**Problem details**
Reproduce, character for character, the lines below from the first through the one with "고은아는 슬리브리스 니트". Leave pictures out.
[Supplied data Boundary: Start]
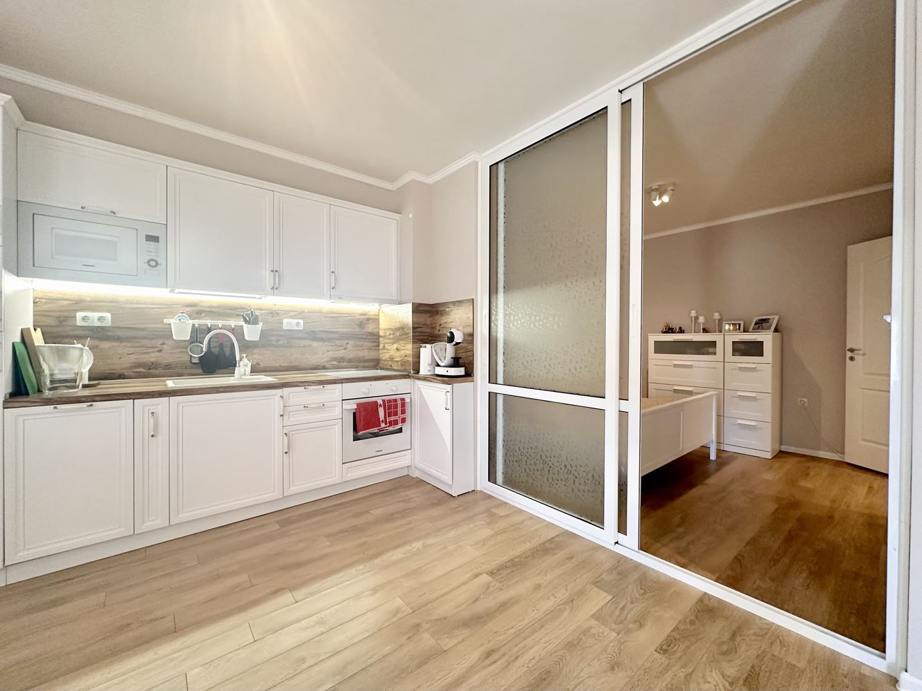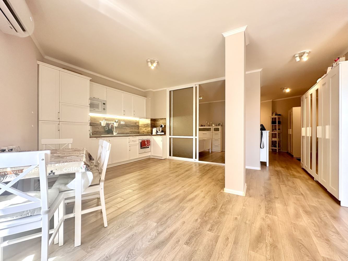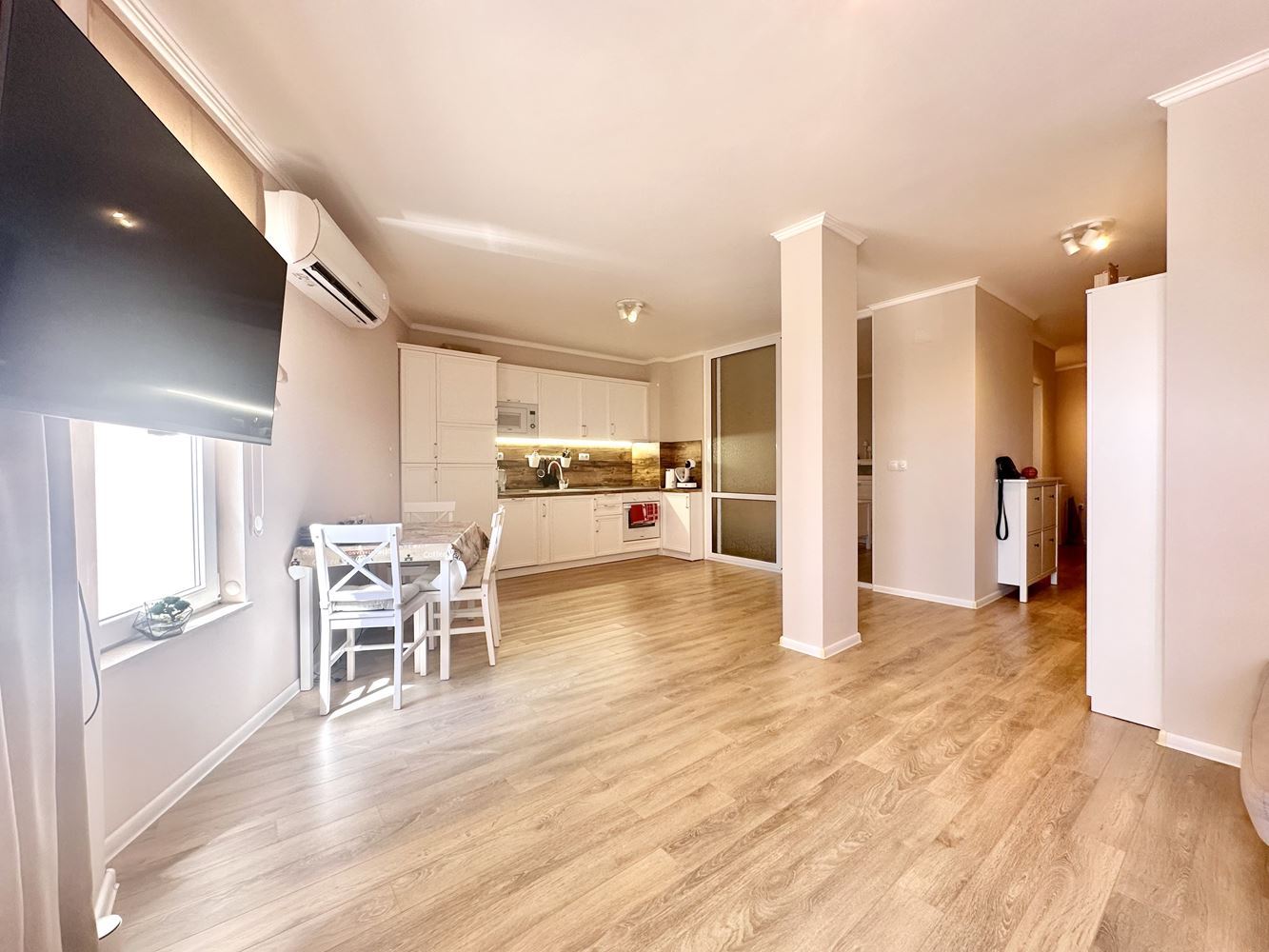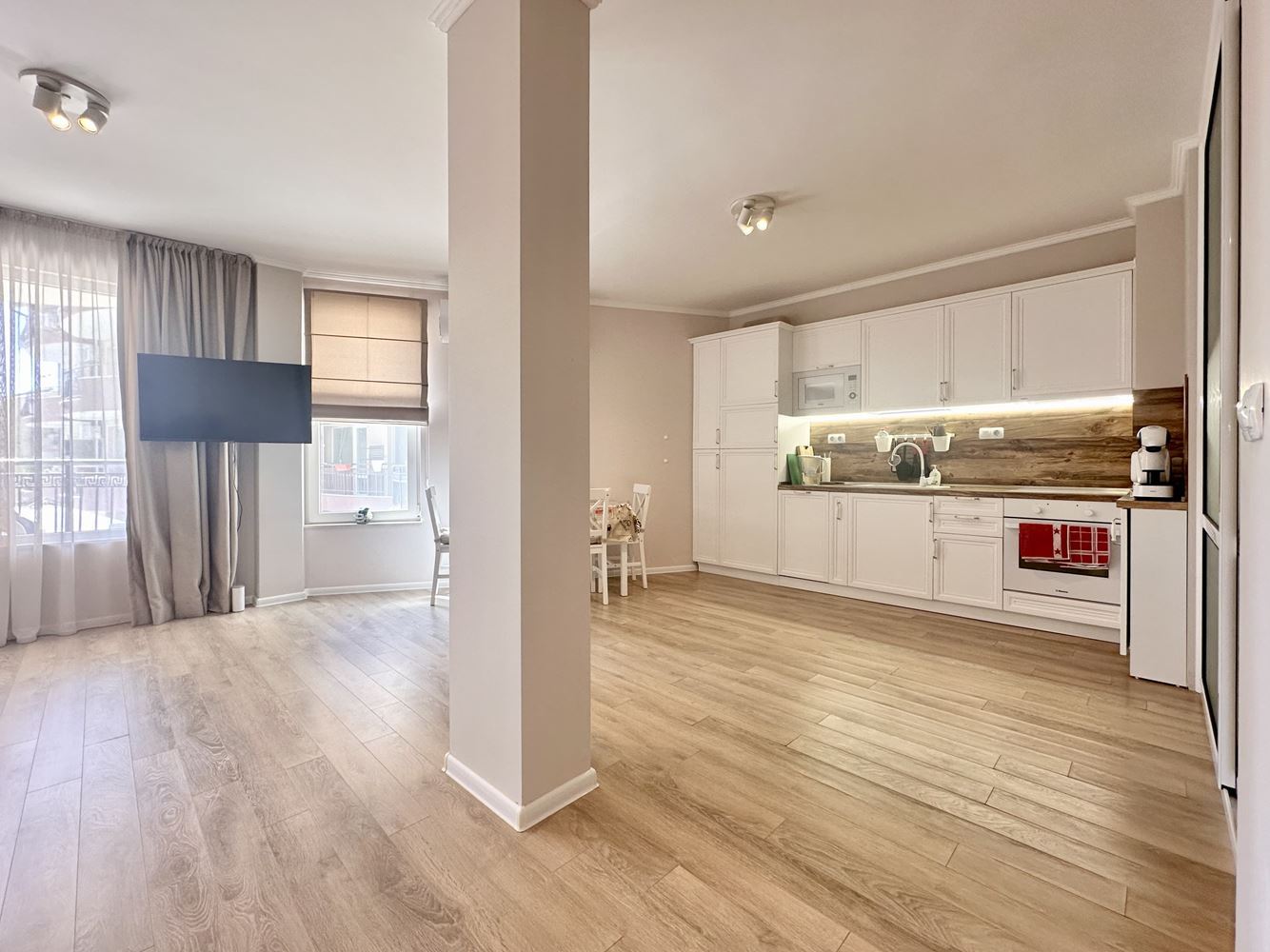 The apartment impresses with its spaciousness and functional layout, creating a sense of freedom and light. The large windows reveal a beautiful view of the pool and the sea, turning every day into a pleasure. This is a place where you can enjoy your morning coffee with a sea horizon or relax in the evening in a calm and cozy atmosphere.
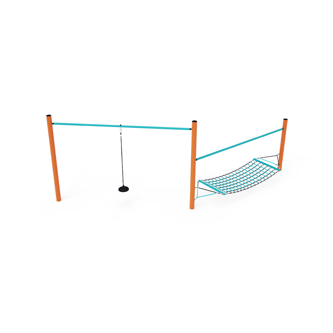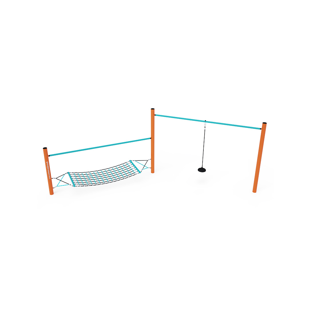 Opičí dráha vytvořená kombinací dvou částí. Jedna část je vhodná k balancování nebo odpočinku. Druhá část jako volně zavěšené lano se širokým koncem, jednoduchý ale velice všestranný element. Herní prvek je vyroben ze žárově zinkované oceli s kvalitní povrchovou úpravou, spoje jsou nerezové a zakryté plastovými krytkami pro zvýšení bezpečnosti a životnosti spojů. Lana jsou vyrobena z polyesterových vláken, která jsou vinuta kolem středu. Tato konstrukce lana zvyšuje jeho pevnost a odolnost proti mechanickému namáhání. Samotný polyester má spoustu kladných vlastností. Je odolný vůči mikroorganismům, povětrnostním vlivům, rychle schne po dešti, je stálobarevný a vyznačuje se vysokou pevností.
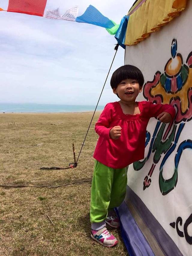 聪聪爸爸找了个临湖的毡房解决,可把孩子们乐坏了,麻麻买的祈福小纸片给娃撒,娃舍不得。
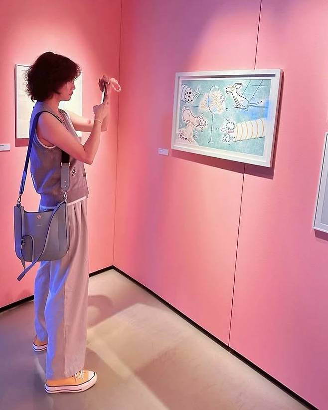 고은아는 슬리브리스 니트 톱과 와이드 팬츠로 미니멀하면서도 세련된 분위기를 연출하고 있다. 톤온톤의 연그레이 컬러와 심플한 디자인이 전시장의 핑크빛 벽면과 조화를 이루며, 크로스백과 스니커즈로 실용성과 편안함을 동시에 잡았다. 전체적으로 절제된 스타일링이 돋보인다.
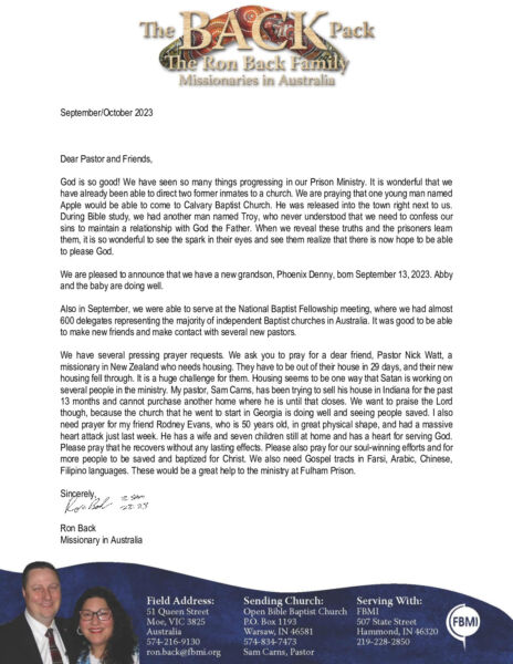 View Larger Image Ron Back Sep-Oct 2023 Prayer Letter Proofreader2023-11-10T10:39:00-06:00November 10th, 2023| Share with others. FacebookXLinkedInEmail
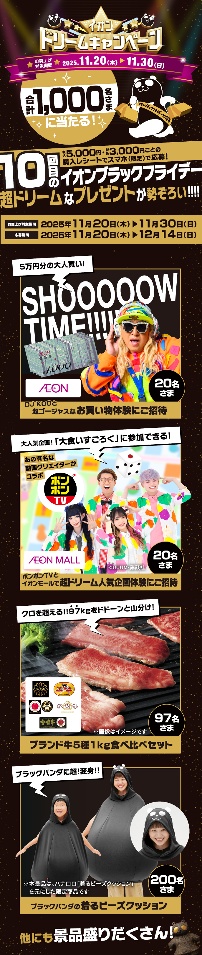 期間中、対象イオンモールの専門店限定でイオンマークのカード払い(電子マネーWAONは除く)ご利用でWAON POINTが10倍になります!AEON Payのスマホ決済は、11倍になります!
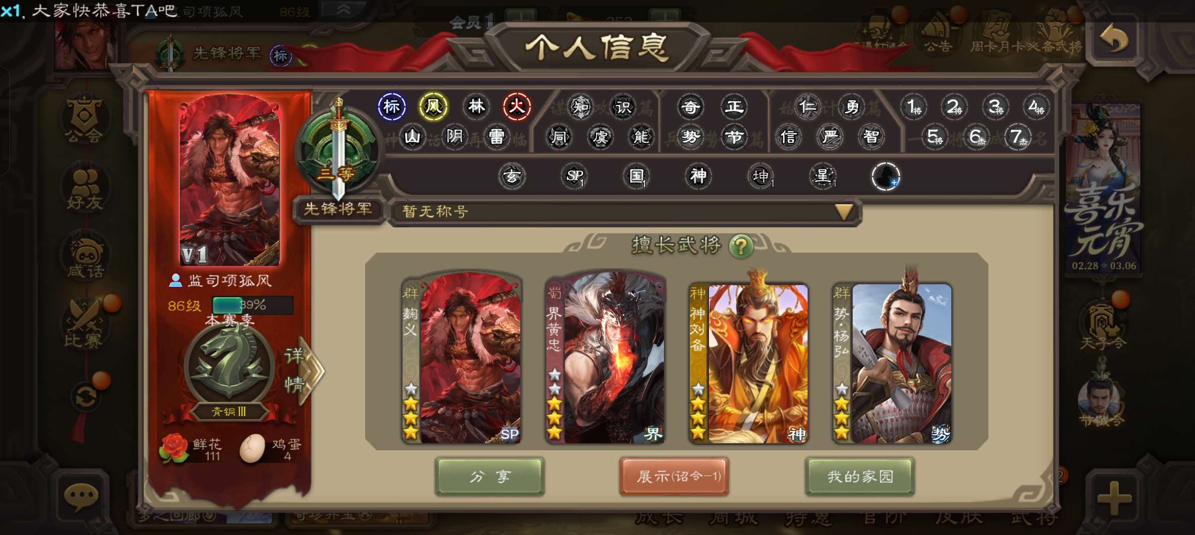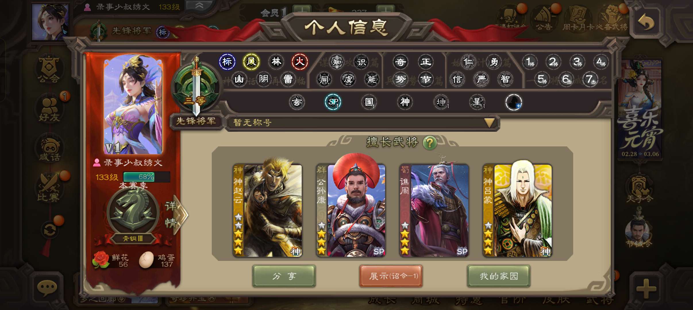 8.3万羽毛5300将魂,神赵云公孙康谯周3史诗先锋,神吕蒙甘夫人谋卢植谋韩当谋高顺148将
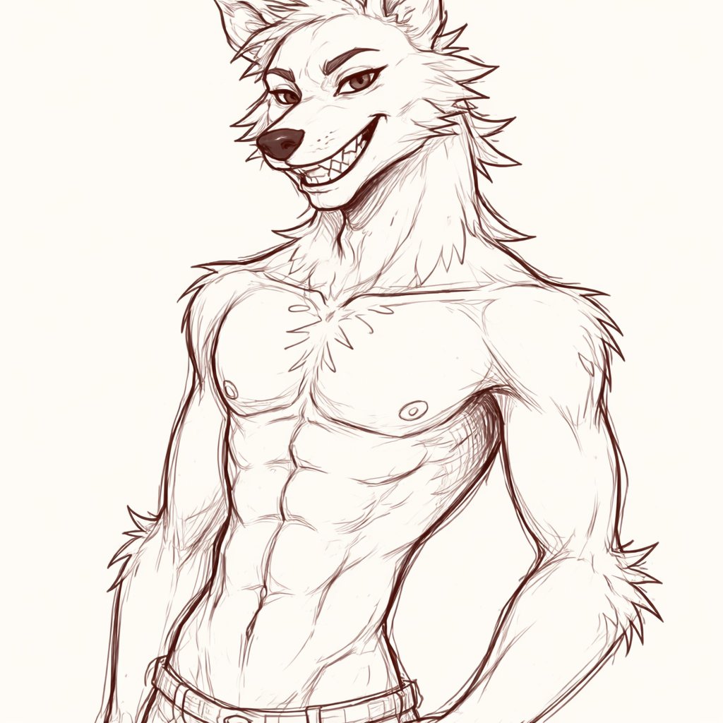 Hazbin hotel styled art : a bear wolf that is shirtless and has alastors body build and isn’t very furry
[Supplied data Boundary: End]
**Problem solution**
 The apartment impresses with its spaciousness and functional layout, creating a sense of freedom and light. The large windows reveal a beautiful view of the pool and the sea, turning every day into a pleasure. This is a place where you can enjoy your morning coffee with a sea horizon or relax in the evening in a calm and cozy atmosphere.
 Opičí dráha vytvořená kombinací dvou částí. Jedna část je vhodná k balancování nebo odpočinku. Druhá část jako volně zavěšené lano se širokým koncem, jednoduchý ale velice všestranný element. Herní prvek je vyroben ze žárově zinkované oceli s kvalitní povrchovou úpravou, spoje jsou nerezové a zakryté plastovými krytkami pro zvýšení bezpečnosti a životnosti spojů. Lana jsou vyrobena z polyesterových vláken, která jsou vinuta kolem středu. Tato konstrukce lana zvyšuje jeho pevnost a odolnost proti mechanickému namáhání. Samotný polyester má spoustu kladných vlastností. Je odolný vůči mikroorganismům, povětrnostním vlivům, rychle schne po dešti, je stálobarevný a vyznačuje se vysokou pevností.
 聪聪爸爸找了个临湖的毡房解决,可把孩子们乐坏了,麻麻买的祈福小纸片给娃撒,娃舍不得。
 고은아는 슬리브리스 니트 톱과 와이드 팬츠로 미니멀하면서도 세련된 분위기를 연출하고 있다. 톤온톤의 연그레이 컬러와 심플한 디자인이 전시장의 핑크빛 벽면과 조화를 이루며, 크로스백과 스니커즈로 실용성과 편안함을 동시에 잡았다. 전체적으로 절제된 스타일링이 돋보인다.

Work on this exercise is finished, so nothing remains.